- **Action item**:
Find "Die Filmschauspielerin Zsa" and "SCHWEIZERISCHER PROTESTANTISCHER FILM- UND" in the records below. Copy the lines holding them and every line between, exactly, and no others.

- **Input records**:
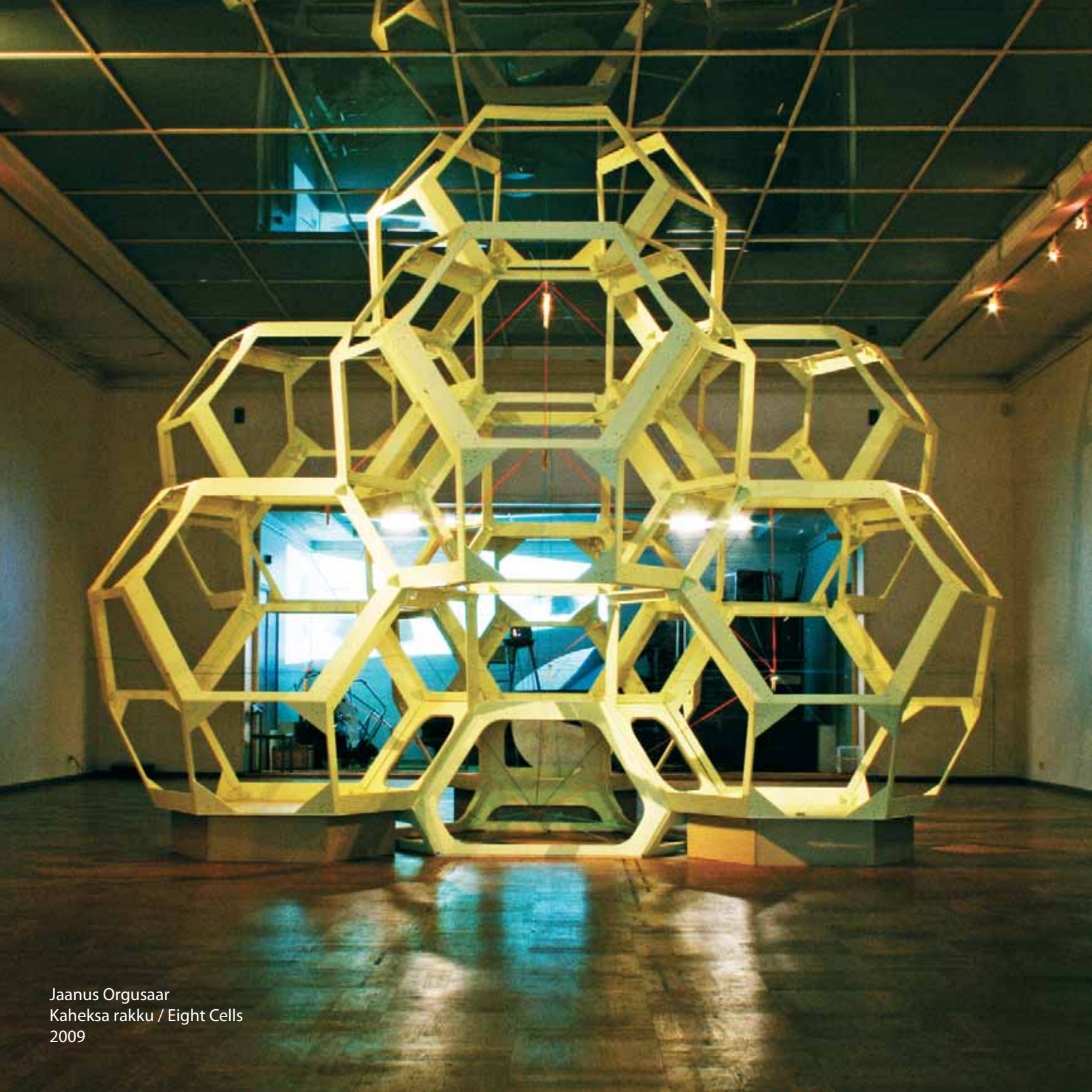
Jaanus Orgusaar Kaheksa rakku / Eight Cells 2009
--
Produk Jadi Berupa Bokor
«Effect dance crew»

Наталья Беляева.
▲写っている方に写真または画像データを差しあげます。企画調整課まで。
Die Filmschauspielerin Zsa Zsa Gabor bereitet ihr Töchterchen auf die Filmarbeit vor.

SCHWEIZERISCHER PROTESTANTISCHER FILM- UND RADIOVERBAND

- **Response to this task**:
Die Filmschauspielerin Zsa Zsa Gabor bereitet ihr Töchterchen auf die Filmarbeit vor.

SCHWEIZERISCHER PROTESTANTISCHER FILM- UND RADIOVERBAND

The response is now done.